Es un tiempo para la fecundidad del silencio, para la escucha, para reconocer nuestra limitación
y fragilidad, y también, para encomendarnos a Dios. Un silencio para confiar al Dios de la
vida todos nuestros difuntos; un silencio para la solidaridad; un silencio para la oración. Si
nuestros difuntos están unidos a Dios, que es amor, orar por ellos no es intentar que el Padre
sea más benévolo, sino pensar en ellos con amor. Estamos unidos a todos los hombres en Dios,
que es amor y ama a todos, muertos y vivos. Orar y pensar la muerte nos abre al sentido de la
existencia y poder compartir la alegría con los que no están, ya que nuestro anhelo va más allá,
transciende el mundo.
En estos días de COVID-19, muchos seres humanos han respondido con una fuerte determinación
y con nuevos gestos de solidaridad, demostrando que en nuestras manos está cambiar esa
realidad de las cosas que no crean justicia y dignidad. La gramática del silencio nos ha lanzado
a una original primavera, abandonando los caminos trillados del egoísmo y lanzarnos a la
projimidad, a la solidaridad con todo lo humano, asumiendo el ser de cada persona. Hacer
silencio es no acostumbrarse a vivir en ese mundo que nos atiborra de cosas innecesarias, de
necesidades inventadas y superfluos consumismos que nos encierran en nosotros mismos. Hacer
silencio, ante todo, es una invitación a la vida, es volverse próximo, a la plenitud del ser, a la
comunión.
El silencio y el clamor de los necesitados son un camino que conduce al corazón del hombre
habitado por el amor, habitado por Dios. Estamos en la dimensión más misteriosa y oscura de la
plegaria, allí donde la oración se vuelve silencio contemplativo, confianza filial, anticipación del
reino. Existen silencios que nos maduran, que nos hacen brotar las palabras más tiernas y más
hondas, que nos permiten escuchar los susurros más finos. Necesitamos tener el valor de
quedarnos a solas, de acercarnos a la hondura de nuestro corazón, y es aquí, en esta realidad
profunda, donde se manifiesta Dios. Es en esa soledad silenciosa donde se produce un encuentro
con Alguien, no para encerrarnos en nuestro yo, sino para un diálogo de amor.

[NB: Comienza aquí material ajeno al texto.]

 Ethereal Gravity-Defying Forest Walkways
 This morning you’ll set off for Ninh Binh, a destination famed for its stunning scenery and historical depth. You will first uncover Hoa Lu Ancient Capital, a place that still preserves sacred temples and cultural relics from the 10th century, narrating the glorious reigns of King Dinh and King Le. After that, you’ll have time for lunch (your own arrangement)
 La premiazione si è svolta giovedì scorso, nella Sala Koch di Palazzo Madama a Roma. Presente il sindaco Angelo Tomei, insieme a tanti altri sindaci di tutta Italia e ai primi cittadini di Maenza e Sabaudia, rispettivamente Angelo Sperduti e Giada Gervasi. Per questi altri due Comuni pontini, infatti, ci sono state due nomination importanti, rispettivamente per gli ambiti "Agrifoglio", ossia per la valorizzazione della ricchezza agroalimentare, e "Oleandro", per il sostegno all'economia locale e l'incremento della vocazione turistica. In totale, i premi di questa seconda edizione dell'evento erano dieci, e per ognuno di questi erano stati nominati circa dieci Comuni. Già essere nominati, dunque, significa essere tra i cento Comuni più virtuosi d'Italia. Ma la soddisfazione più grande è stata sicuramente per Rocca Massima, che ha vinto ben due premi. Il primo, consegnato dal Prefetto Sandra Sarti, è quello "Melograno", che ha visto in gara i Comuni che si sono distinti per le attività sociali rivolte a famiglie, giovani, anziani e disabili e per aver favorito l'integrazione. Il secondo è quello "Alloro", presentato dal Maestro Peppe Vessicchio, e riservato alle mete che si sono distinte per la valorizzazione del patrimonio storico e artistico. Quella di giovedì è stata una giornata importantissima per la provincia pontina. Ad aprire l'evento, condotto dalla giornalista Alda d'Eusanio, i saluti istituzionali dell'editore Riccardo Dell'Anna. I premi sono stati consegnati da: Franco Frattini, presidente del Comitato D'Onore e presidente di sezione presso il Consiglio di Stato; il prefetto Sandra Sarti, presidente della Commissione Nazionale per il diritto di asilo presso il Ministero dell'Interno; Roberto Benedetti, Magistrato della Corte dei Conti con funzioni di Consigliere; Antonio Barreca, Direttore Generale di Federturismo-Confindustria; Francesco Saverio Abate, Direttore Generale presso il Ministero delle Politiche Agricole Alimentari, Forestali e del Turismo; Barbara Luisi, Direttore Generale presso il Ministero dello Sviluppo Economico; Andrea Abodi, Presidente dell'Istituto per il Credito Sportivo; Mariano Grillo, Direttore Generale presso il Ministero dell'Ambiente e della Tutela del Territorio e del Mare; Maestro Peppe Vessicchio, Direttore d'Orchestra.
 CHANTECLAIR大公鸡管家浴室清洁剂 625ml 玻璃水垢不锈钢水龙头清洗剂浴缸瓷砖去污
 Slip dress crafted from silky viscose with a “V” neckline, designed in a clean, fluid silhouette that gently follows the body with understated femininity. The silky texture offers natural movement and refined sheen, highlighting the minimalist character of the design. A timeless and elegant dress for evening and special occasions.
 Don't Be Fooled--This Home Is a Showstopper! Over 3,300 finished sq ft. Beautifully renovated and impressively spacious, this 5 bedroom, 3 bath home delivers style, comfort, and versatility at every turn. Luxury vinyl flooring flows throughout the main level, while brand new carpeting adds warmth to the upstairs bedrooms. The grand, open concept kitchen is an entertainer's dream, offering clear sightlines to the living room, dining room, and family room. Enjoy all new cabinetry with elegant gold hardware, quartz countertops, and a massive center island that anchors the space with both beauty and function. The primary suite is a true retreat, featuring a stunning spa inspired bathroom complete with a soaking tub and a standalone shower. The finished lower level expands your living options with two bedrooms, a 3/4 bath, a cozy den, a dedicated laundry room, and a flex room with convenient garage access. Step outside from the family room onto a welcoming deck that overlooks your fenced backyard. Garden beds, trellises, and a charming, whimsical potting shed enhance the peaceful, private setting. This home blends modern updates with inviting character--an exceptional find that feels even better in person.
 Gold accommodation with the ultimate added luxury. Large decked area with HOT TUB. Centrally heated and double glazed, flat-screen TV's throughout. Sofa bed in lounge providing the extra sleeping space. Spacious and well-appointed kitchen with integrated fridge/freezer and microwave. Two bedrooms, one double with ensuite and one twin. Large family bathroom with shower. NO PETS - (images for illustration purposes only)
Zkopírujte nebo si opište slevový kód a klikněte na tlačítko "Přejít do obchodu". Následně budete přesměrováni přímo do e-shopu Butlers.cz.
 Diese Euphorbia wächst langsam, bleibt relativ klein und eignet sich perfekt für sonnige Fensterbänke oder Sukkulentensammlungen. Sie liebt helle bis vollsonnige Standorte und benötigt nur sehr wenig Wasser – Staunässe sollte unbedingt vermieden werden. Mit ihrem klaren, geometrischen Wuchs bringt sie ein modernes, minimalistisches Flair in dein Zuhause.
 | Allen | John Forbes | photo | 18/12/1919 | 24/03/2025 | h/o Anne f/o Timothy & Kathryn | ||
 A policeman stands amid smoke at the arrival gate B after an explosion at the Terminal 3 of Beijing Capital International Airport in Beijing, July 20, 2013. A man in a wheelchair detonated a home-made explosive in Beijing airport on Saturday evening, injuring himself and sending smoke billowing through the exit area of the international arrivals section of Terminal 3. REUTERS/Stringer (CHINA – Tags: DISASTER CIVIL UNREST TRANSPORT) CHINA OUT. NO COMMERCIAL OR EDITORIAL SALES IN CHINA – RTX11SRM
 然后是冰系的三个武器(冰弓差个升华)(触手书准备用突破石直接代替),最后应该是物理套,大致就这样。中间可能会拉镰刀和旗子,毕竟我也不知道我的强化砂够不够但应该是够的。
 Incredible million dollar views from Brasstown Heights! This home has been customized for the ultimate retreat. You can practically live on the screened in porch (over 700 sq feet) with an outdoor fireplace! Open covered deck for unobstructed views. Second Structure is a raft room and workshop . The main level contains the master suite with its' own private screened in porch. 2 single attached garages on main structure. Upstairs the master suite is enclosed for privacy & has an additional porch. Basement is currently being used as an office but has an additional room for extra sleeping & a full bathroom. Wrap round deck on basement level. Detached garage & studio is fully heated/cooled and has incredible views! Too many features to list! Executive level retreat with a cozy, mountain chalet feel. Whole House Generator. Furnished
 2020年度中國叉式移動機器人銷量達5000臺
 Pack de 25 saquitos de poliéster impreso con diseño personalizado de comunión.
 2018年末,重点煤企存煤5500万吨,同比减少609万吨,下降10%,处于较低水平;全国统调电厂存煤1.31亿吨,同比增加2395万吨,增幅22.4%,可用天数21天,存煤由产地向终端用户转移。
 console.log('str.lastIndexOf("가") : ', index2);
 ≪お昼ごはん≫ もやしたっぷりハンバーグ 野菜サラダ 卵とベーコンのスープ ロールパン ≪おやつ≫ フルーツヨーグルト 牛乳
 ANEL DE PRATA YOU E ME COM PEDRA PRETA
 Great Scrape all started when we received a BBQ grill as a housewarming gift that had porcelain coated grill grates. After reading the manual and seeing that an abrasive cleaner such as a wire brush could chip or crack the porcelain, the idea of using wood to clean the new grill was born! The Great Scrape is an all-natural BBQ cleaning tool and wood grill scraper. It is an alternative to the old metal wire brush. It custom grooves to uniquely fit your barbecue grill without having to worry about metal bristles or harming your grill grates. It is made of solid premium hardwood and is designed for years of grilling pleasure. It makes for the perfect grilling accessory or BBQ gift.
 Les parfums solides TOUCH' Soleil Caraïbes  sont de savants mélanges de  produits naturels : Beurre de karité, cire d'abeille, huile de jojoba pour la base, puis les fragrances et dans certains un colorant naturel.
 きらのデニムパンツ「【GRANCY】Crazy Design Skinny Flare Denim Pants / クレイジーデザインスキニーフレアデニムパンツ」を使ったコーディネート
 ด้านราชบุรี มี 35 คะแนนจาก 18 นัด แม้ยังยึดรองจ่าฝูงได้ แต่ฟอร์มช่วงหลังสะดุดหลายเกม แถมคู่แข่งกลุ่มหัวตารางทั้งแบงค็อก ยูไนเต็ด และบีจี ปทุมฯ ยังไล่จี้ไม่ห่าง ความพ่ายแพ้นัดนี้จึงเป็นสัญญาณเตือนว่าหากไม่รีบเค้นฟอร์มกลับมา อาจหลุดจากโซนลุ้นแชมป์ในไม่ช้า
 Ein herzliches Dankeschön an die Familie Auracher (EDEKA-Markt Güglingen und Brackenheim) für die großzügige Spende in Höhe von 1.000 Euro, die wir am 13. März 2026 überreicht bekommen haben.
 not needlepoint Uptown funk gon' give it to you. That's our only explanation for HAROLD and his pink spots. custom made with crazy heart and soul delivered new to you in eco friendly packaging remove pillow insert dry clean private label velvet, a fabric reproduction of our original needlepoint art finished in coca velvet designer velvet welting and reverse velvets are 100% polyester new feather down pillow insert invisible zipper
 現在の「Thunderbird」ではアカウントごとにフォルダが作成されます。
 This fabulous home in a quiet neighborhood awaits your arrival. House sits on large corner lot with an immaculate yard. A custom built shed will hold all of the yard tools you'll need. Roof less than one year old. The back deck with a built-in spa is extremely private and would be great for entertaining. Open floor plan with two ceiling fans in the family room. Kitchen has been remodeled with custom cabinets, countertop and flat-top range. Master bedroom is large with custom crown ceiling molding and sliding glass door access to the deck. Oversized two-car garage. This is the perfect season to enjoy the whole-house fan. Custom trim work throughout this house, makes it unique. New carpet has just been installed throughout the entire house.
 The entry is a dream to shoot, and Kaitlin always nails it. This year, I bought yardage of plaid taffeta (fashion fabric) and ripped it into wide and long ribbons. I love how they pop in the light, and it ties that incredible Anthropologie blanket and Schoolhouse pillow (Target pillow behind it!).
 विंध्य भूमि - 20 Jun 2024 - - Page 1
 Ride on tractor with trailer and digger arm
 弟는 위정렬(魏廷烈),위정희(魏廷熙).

El silencio es esa realidad que solo puede ser palpada en la noche oscura del alma, de la que
procede todo ser y a la que retornan todas las cosas. Es la esencia de lo simple, es el fenómeno
de lo diferente, que va más allá de las cosas, palabras, acontecimientos, relaciones,
identidades. Es en esa soledad abierta al Otro y al otro, la que ha forjado los mayores hombres
de acción, a los pensadores más creativos y a los santos más audaces. Solo el silencio habitado es
compatible con la vocación humana. Es imposible amar el silencio y vivir cierta soledad, si creer
en esa dimensión interior que nos abre a la transcendencia.
El gran drama del hombre actual es que, habiendo abandonado su corazón, ignora que posee
una vida interior, confundiendo el silencio con el vacío. Es preciso encontrar un camino para
volver a ese lugar, para morar en el silencio, para vivir en el corazón. Hacer silencio es una forma
de inteligencia, de ir más allá de lo externo, más allá de la emoción y del pensamiento. Es una
forma de preparar nuestro corazón para recibir la intención del Espíritu en nosotros. La oración
del creyente brota del silencio no por necesidad o miedo, sino por una llamada interior del
Espíritu. La oración está penetrada por la iniciativa de un Dios que ama y que desea colmarnos
con su presencia. Nos decía san Agustín: “No quieras ir fuera; en el interior del hombre habita la
verdad”.
Cuando nos vemos en manos del dolor, las dudas, los temores y sospechas, una vía libre
permanece siempre abierta: el silencio. En estos momentos de pandemia, la palabra debe
surgir del silencio para transitar por los vientos del clamor y del dolor. Una pedagogía que nos
lleva más allá del pensar, donde el amor ya no plantea preguntas, sino que se abre al misterio
liberando toda pregunta. El silencio es un regreso a las fuentes de la vida, a lo más bello y
esencial de cuanto nos habita. Es un retorno a nuestro ser, al ser de Dios que se encarna en
nosotros, que ahora más que nunca deberá ser fuente de una amor gratuito y solidario.